SENSEVAL-2 Spanish lexical-sample task

vME+SM is an enrichment of vME: we added the SM classifier to the combination of the three ME systems in vME (see Section 3.3). The results on the Spanish lexical-sample task from SENSEVAL-2 are shown in Table 17. Because it only works with nouns, vME+SM improves accuracy for them only, but obtains the same score as JHU(R) while the overall score reaches the second place.


Table: vME+SM in the Spanish lexical-sample task of SENSEVAL-2

ALL Nouns

0.713

jhu(R) 0.702 jhu(R)
0.684 vME+SM 0.702 vME+SM
0.682 jhu 0.683 MEbfs.pos
0.677 MEbfs.pos 0.681 jhu
0.676 vME 0.678 vME
0.670 css244 0.661 MEbfs
0.667 MEbfs 0.652 css244
0.658 MEfix 0.646 MEfix
0.627 umd-sst 0.621 duluth 8
0.617 duluth 8 0.612 duluth Z
0.610 duluth 10 0.611 duluth 10
0.595 duluth Z 0.603 umd-sst
0.595 duluth 7 0.592 duluth 6
0.582 duluth 6 0.590 duluth 7
0.578 duluth X 0.586 duluth X
0.560 duluth 9 0.557 duluth 9
0.548 ua 0.514 duluth Y
0.524 duluth Y 0.464 ua


These results show that methods like SM and ME can be combined in order to achieve good disambiguation results.
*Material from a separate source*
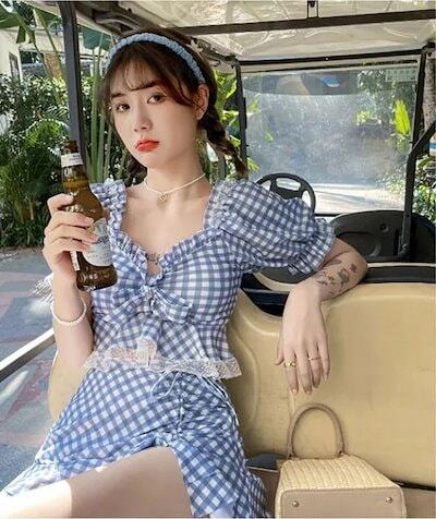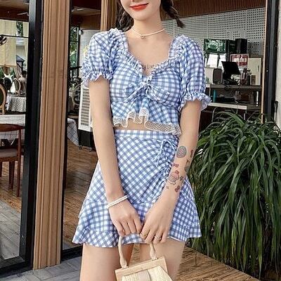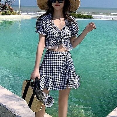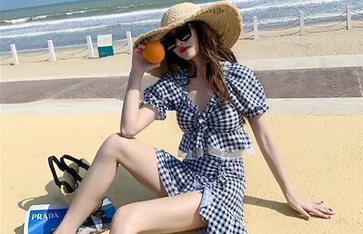【メガ割 】3色 水着 レディース ビキニ 上下セット ギンガムチェック かわいい 体系カバー ラブリー 袖あり

Our results are in line with those of Pedersen2002, which also presents a comparative evaluation between the systems that participated in the Spanish and English lexical-sample tasks of SENSEVAL-2. Their focus is on pair comparisons between systems to assess the degree to which they agree, and on measuring the difficulty of the test instances included in these tasks. If several systems are largely in agreement, then there is little benefit in combining them since they are redundant and they will simply reinforce each other. However, if some systems disambiguate instances that others do not, then the systems are complementary and it may be possible to combine them to take advantage of the different strengths of each system to improve overall accuracy.

The results for nouns (only applying SM), shown in Table 18, indicate that SM has a low level of agreement with all the other methods. However, the measure of optimal combination is quite high, reaching 89% (1.00-0.11) for the pairing of SM and JHU. In fact, all seven of the other methods achieved their highest optimal combination value when paired with the SM method.
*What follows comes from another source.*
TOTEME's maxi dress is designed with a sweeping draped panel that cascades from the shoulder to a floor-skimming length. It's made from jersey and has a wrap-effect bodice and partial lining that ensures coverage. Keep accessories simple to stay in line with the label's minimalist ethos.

Table 18: Optimal combination between the systems that participated in the Spanish lexical-sample tasks of SENSEVAL-2
System pair for nouns Both OK1 One OK 2 Zero OK 3 Kappa 4
SM and JHU 0.29 0.32 0.11 0.06
SM and Duluth7 0.27 0.34 0.12 0.03
SM and DuluthY 0.25 0.35 0.12 0.01
SM and Duluth8 0.28 0.32 0.13 0.08
SM and Cs224 0.28 0.32 0.13 0.09
SM and Umcp 0.26 0.33 0.14 0.06
SM and Duluth9 0.26 0.31 0.16 0.14

1 Percentage of instances where both systems answers were correct.
2 Percentage of instances where only one answer is correct.
3 Percentage of instances where none of both answers is correct.
4 The kappa statistic Cohen1960 is a measure of agreement between multiple systems (or judges) that is scaled by the agreement that would be expected just by chance. A value of 1.00 suggests complete agreement, while 0.00 indicates pure chance agreement.

This combination of circumstances suggests that SM, being a knowledge-based method, is fundamentally different from the others (i.e., corpus-based) methods, and is able to disambiguate a certain set of instances where the other methods fail. In fact, SM is different in that it is the only method that uses the structure of WordNet.